3. Procediendo la desestimación íntegra del recurso las costas de segunda instancia deben imponerse a la parte apelante por disponerlo así el art. 398.1, en relación con el art. 394, ambos de la LEC .
Fallo
Desestimamos el recurso de apelación interpuesto y confirmamos en su integridad la sentencia apelada, imponiendo las costas originadas en segunda instancia a la parte apelante con pérdida del recurso que se haya constituido para recurrir.
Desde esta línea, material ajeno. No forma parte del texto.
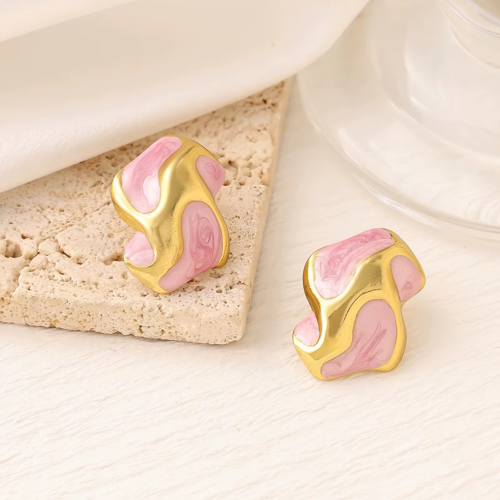 80030-3 Zarcillos acero abstracto esmaltado
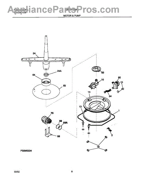This is a circulation pump motor for dishwashers. It controls the main pump of the appliance.The pump is directly responsible for removing extra water from the dishwasher after use. When a dishwasher's circulation pump motor goes bad, the main indicator is usually leaking from the appliance. There will be a noticeable amount of water emerging from the bottom of the machine whenever the cycle is engaged. Unplug the dishwasher from its main power source and water hookup. Remove the dishwasher from its space in the counter. Remove all necessary entry plates to access the interior of the dishwasher. There is a metal bracket holding the current motor in. Unscrew the two screws that secure the bracket and remove this component. Remember which way the motor is oriented before removing it. Unplug the power cable connecting the motor to the dishwasher. Put the two new sealing rings on the new pump motor. Repeat these instructions in reverse to install the new part.This Frigidaire dishwasher circulation pump motor is a genuine OEM replacement part sourced directly from Frigidaire. The pump motor is sold individually. This part is compatible with Frigidaire, Kenmore, Westinghouse, and Gibson appliances.
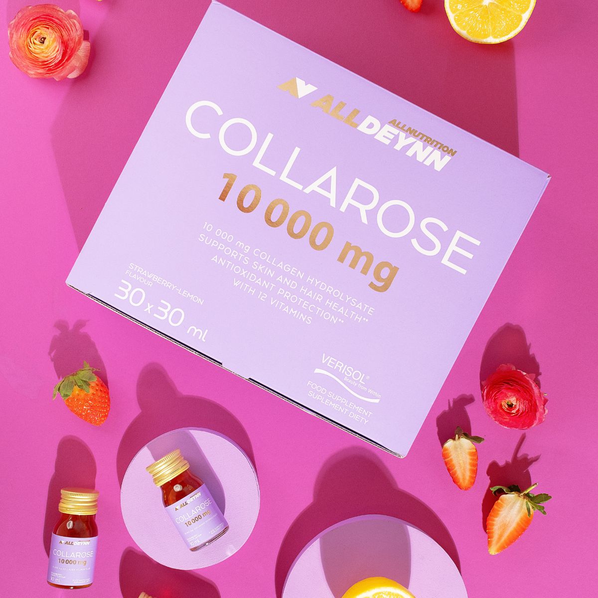 ALLDEYNN COLLAROSE 10 000 MG valódi forradalom a szépségápolásban – egy gondosan kidolgozott folyékony étrend-kiegészítő, amely ötvözi a 10 000 mg hidrolizált kollagén erejét 12 vitamin komplexével! A terméket azok számára fejlesztették ki, akik szeretnék kiegészíteni kiegyensúlyozott étrendjüket, és átfogóan gondoskodni szépségükről, bőrük és hajuk megjelenéséről. A csomag 30 napos teljes használatra elegendő.
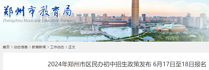 從鄭州市教育局了解到,2024年河南鄭州市區(qū)民辦初中招生政策已公布,6月17日至18日報名。具體如下:
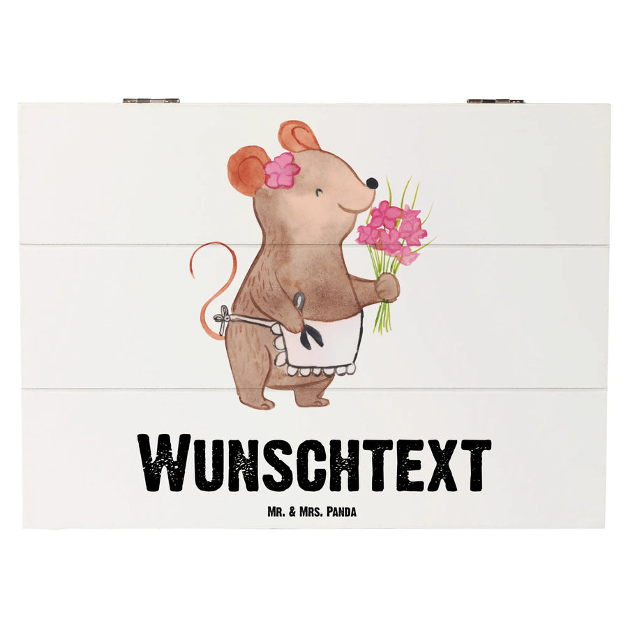 Mit einem handgemalten Motiv einer süßen Maus, die stolz ihre Blumen präsentiert, wird jede Kiste zu einem ganz speziellen Unikat. Die Kiste ist personalisierbar mit deinem Wunschnamen und zaubert jedem, der sie erhält, ein Lächeln ins Gesicht.
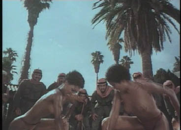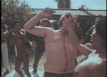 Unterstützt wir sie von 2 schwarzen Gespielinnen die den Eindruck erwecken nur gut auszuschauen und den Streifen noch mehr Fleischbeschau einzuhauchen. Dem wird man aber schnell eines besseren belehrt. Sie legen die Männer reihenweise flach, nicht durch sexuelle Macht sondern ganz einfach durch Kampfkunst der asiatischen Sorte. Ilsa wird von diesen beiden lesbischen Bodygards fast immer in dem Streifen umschwirrt. Im Auftrag des Scheiches darf Ilsa nun als Aufseherin des stattlichen Harems foltern und morden. Wie gewohnt umgesetzt in extrem perverse FX die stellenweise ganz schön ausgefallen sind. Frauen werden als lebende Vaginal-Minen umgerüstet so, dass es beim Liebesakt zu dem etwas lauteren Bums kommt. Da kann man nur noch mit dem Kopfschüttel welche Methoden der Scheich anwendet um lästige, wohlhabene Landsmänner "beschenkt" zur Seite zur räumen. |
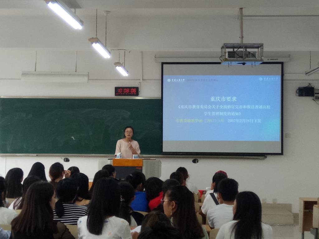 9月11日下午,yl34511线路中心召集全体辅导员在学院会议室认真学习了学校最新修订学生管理有关规定,学院分党委书记王小玲参会,培训会由学院分党委于频副书记讲授。于频副书记给大家讲解了新修订的学生管理规定的构架结构,比较了新规和旧规的变化,逐一带领大家学习了变化之处,并逐一解读。学习的新规包括《重庆工商大学学生管理规定》、《重庆工商大学本科学生日常行为更规范》、《重庆工商大学学生校园网络行为管理办法》、《重庆工商大学学生违纪处分办法》等在内的“1+4+N”的所有规章制度。王小玲书记要求各位辅导员,要进一步认真研读每一篇规章制度,深入学习,确保在学生工作过程中要做到依章依规,遵章守纪,合乎程序。
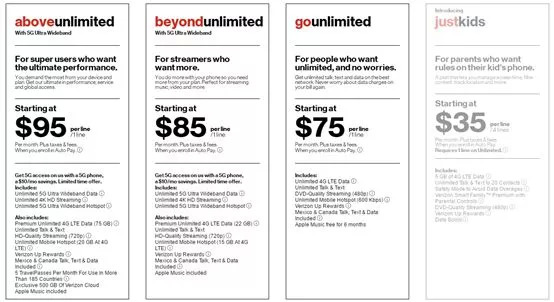 美国最大运营商Verizon公布的商用5G网络资费可以分为几档,基础资费85美元/月,流量不限,但速度被强制管控,比如只能看480p视频;进阶级别资费95美元/月,依然是不限流量,但速度上要比基础版快很多,可以观看720p视频。
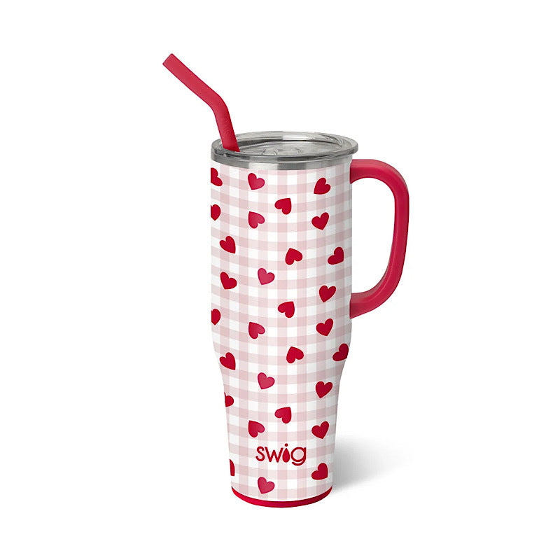 Hydrating has never been easier with our 40oz Insulated Mega Mug! A cup holder-friendly frame, a comfort-grip handle, and a plastic straw with a silicone flexi-tip all come together to create your new favorite Swig.

Contra la presente sentencia, dictada en un juicio ordinario tramitado por razón de la cuantía que no excede de seiscientos mil euros, caben, en su caso, recurso de casación por interés casacional ( art. 477.3 de la LEC ) y recurso extraordinario por infracción procesal, este solo si se formula aquel ( Disposición Final decimosexta 2a, de la LEC ), y si se interponen ambos en legal forma en el plazo de veinte días ante este Tribunal previa la constitución del depósito en la forma y cuantía legalmente prevenidas.
Devuélvanse los autos originales al Juzgado de procedencia, con testimonio de esta resolución, para su ejecución y cumplimiento, y demás efectos legales.
Así por esta nuestra resolución, definitivamente juzgando, lo pronunciamos, mandamos y firmamos.